Chapter IV Summary — Wuthering Heights

Wuthering Heights by Emily Bronte

Plot Summary

Chapter IV marks a pivotal shift in Wuthering Heights as the narrative moves from Lockwood's present-day account to Nelly Dean's retrospective storytelling. Recovering from his harrowing visit to Wuthering Heights, Lockwood invites his housekeeper to sit with him and share what she knows about the mysterious inhabitants of the estate. Through their conversation, Lockwood learns key details: the young woman he met is Catherine Linton (the daughter of the late Mrs. Linton), Hareton Earnshaw is the last of the Earnshaw line, and Heathcliff is enormously wealthy yet miserly.

Nelly then begins her story from the very beginning. She recalls how Mr. Earnshaw, the patriarch of Wuthering Heights, walked sixty miles to Liverpool and returned three days later carrying a "dirty, ragged, black-haired child" bundled in his greatcoat. Mrs. Earnshaw was furious, calling the boy a "gipsy brat," while Hindley and Cathy were only upset that their promised gifts—a fiddle and a whip—had been lost or destroyed during the journey. Nelly herself placed the child on the landing, hoping it would disappear by morning, but Mr. Earnshaw found it at his door and banished Nelly from the house for her cruelty.
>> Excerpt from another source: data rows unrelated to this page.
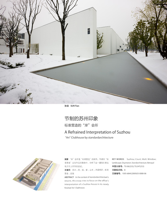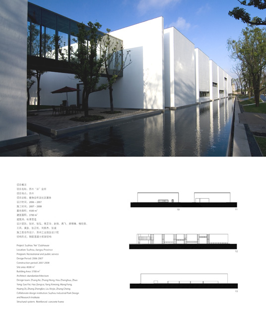标准营造倦于“仅仅按部就班地做一个满足功能的房子” ,提问、追问、争辩、盘问,往往是他们寻找不确定的设计动机的方式。以往,他们问:怎么做“一个既轻松又沉重的建筑”,怎么做“一个既玩笑又认真,既好奇又肯定的建筑”,怎么做“一个能够将‘什么都不是的地方’变成‘某个地方’的建筑”……他们用带着深深浅浅的矛盾修辞法的一组组问题追逐聚焦每一个项目兴趣的平衡点。事后观,我觉得特别属于“岸”会所的问题大概是 “怎么做一个既节制又抒情的建筑”,关于地方的问题,则会具体为:怎么做一个能将通属的“工业园区的一块地”变成古城“苏州的一块地”的建筑——毕竟,贝氏的苏州博物馆隔湖相望,不过10 km之遥。
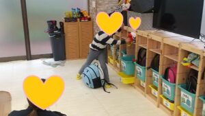 アルコール消毒⇒ただいま⇒鞄と水筒を置く⇒体温を測る
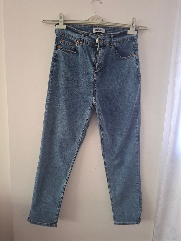 Mavi denim, regular fit ve midi boy kadın jean. Rahat ve şık görünüm sunar, günlük ve sokak stiline uygundur.
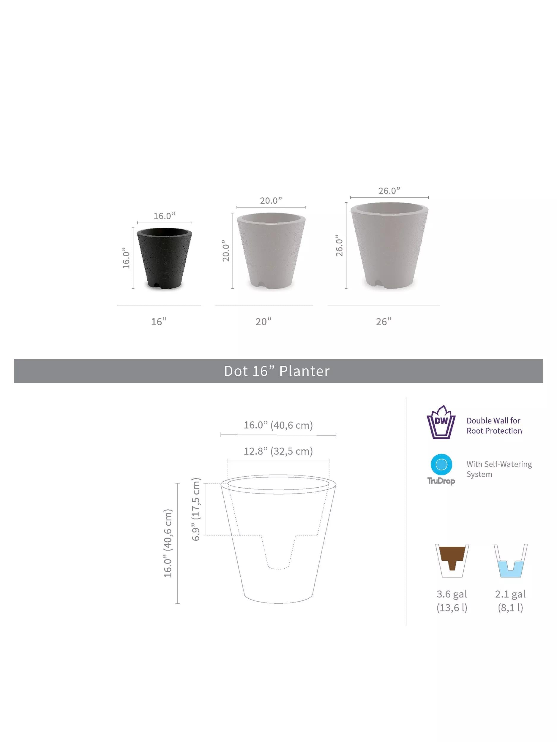- 16" Dot Trudrop Self-Watering Planter: Top diameter 16", base diameter 9-7/8", 16" H

When Nelly returned, the child had been named Heathcliff—after a son who had died in childhood. Cathy quickly bonded with Heathcliff, but Hindley and Nelly tormented him relentlessly. Despite this abuse, Heathcliff endured silently, which only deepened Mr. Earnshaw's protective affection for him. After Mrs. Earnshaw's death, Hindley came to see his father as an oppressor and Heathcliff as a usurper. During a bout of measles, Nelly nursed Heathcliff through a dangerous illness and softened toward him. The chapter closes with the horse-exchange episode, in which Heathcliff manipulates Hindley into surrendering his better colt through threats of exposure, revealing a calculating nature beneath his stoic exterior.

Character Development

Heathcliff is introduced as a foundling—silent, stoic, and seemingly passive. Yet by the chapter's end, the horse-exchange incident reveals his shrewdness and capacity for manipulation. His endurance of abuse is not mere patience but a kind of hardened resilience that unsettles those around him. Hindley Earnshaw emerges as jealous and violent, already brutalizing Heathcliff and resenting his father's favoritism. Catherine Earnshaw appears briefly as spirited and mischievous—choosing a whip as her gift and spitting at the newcomer, yet quickly becoming Heathcliff's closest companion. Mr. Earnshaw is portrayed as a well-meaning but divisive patriarch whose fierce devotion to Heathcliff fractures the family. Nelly Dean establishes herself as both participant and narrator, candidly admitting her own early cruelty toward Heathcliff before her gradual change of heart.

Themes and Motifs

The chapter introduces the theme of social class and the outsider: Heathcliff arrives as a nameless, racially othered child from the streets of Liverpool, and the household's hostility reflects deep anxieties about origins, belonging, and inheritance. The nature versus nurture debate is embedded in Heathcliff's characterization—is his later cruelty innate or the product of relentless abuse? The motif of displacement and usurpation runs through every relationship, as Heathcliff's presence disrupts the existing family order. The theme of love as possession also surfaces in Mr. Earnshaw's possessive attachment to Heathcliff and Hindley's sense that parental affection has been stolen from him.

Literary Devices

Brontë employs nested narration (frame narrative) as Lockwood records Nelly's story, creating layers of perspective and raising questions about reliability. Foreshadowing pervades the chapter: Heathcliff's silent endurance and the horse-exchange manipulation hint at the revenge that will consume the novel. The symbolism of the destroyed gifts—Hindley's crushed fiddle and Cathy's lost whip—represents the loss of childhood innocence that Heathcliff's arrival precipitates. Brontë also uses animal imagery ("cuckoo's" history, "unfledged dunnock") to characterize Heathcliff as an interloper displacing the rightful nestlings, reinforcing the theme of natural versus unnatural belonging.